*Work instructions:* Among the entries below, the lines from the one with "Programme Officer, Somalia" up to and including the one with "The Boxed Coin" are to be restated exactly, without pictures.

*The records:*

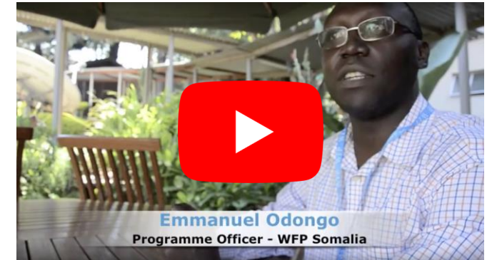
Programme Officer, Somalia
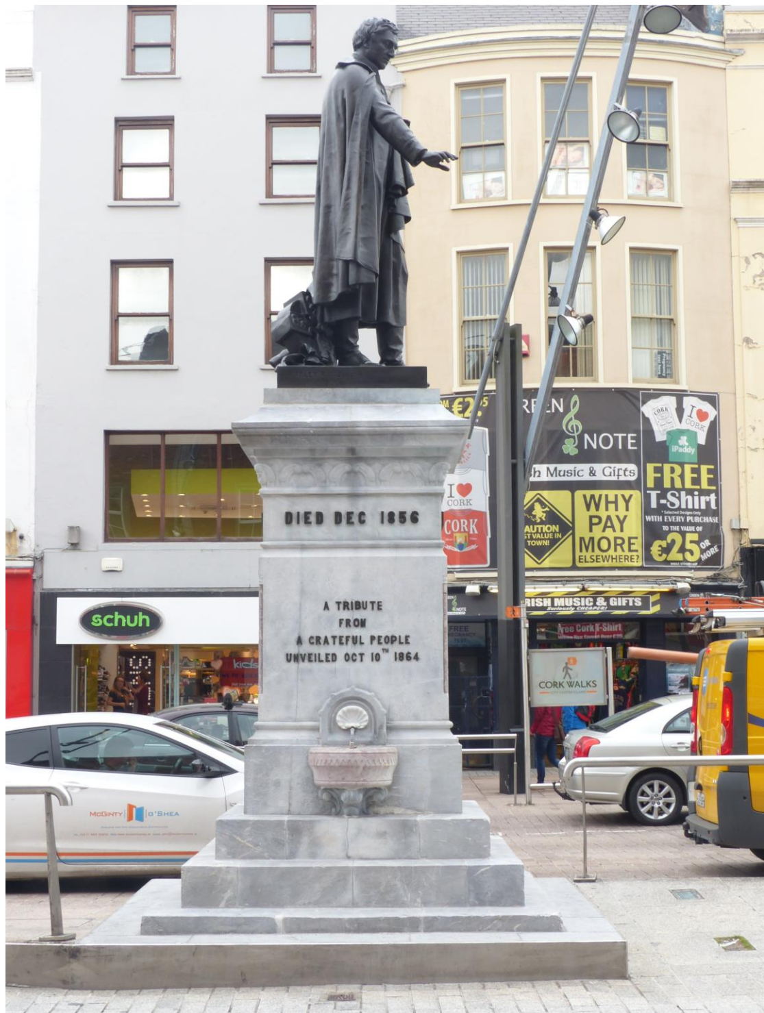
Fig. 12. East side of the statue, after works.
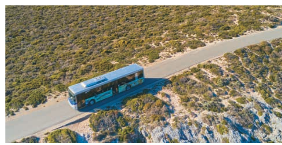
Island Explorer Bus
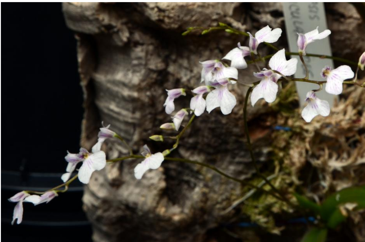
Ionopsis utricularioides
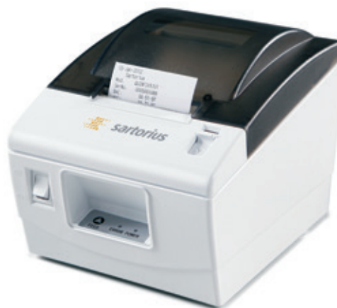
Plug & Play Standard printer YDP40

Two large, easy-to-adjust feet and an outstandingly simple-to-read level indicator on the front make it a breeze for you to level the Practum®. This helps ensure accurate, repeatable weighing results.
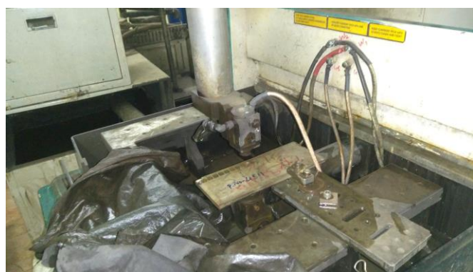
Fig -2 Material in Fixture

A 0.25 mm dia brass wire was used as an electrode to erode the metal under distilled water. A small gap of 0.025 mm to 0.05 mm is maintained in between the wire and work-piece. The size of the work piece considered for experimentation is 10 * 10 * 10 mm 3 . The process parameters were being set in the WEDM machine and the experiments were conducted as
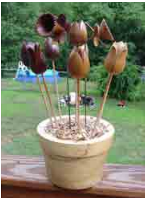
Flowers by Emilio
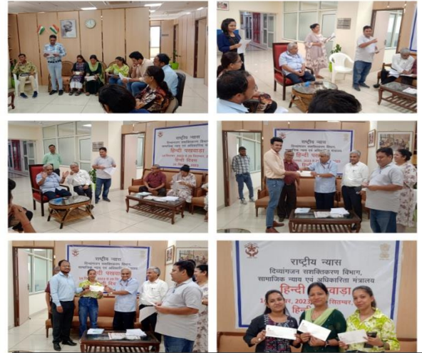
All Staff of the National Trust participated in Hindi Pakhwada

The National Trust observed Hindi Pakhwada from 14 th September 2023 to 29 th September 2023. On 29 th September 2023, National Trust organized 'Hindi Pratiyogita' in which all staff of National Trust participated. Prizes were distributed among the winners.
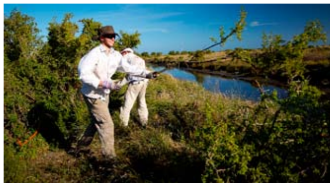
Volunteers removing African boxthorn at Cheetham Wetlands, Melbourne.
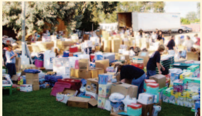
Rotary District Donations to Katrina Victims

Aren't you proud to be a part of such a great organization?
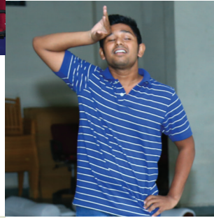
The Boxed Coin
...
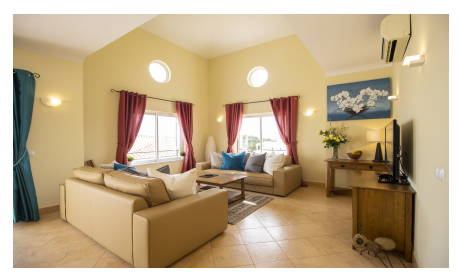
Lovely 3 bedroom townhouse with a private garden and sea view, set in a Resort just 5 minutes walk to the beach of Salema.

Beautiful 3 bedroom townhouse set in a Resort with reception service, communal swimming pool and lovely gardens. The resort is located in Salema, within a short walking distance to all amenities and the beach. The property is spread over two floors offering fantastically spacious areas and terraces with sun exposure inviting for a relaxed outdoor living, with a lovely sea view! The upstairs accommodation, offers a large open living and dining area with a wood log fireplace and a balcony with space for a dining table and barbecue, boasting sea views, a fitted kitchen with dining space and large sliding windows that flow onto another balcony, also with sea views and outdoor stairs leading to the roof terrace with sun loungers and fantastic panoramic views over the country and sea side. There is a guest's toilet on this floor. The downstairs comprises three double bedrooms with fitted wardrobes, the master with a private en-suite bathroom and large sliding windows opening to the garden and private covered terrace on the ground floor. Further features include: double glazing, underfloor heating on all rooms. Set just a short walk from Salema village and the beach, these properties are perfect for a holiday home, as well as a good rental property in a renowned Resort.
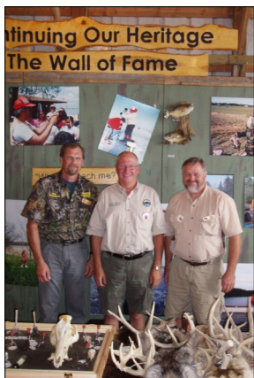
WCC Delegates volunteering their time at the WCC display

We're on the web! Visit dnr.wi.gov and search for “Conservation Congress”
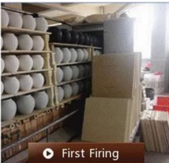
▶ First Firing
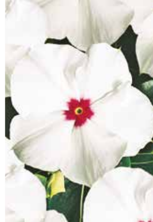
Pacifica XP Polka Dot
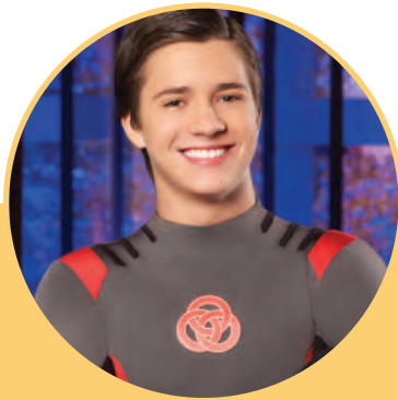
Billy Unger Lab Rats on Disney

*Expected answer:*
Programme Officer, Somalia
Fig. 12. East side of the statue, after works.
Island Explorer Bus
Ionopsis utricularioides
Plug & Play Standard printer YDP40

Two large, easy-to-adjust feet and an outstandingly simple-to-read level indicator on the front make it a breeze for you to level the Practum®. This helps ensure accurate, repeatable weighing results.
Fig -2 Material in Fixture

A 0.25 mm dia brass wire was used as an electrode to erode the metal under distilled water. A small gap of 0.025 mm to 0.05 mm is maintained in between the wire and work-piece. The size of the work piece considered for experimentation is 10 * 10 * 10 mm 3 . The process parameters were being set in the WEDM machine and the experiments were conducted as
Flowers by Emilio
All Staff of the National Trust participated in Hindi Pakhwada

The National Trust observed Hindi Pakhwada from 14 th September 2023 to 29 th September 2023. On 29 th September 2023, National Trust organized 'Hindi Pratiyogita' in which all staff of National Trust participated. Prizes were distributed among the winners.
Volunteers removing African boxthorn at Cheetham Wetlands, Melbourne.
Rotary District Donations to Katrina Victims

Aren't you proud to be a part of such a great organization?
The Boxed Coin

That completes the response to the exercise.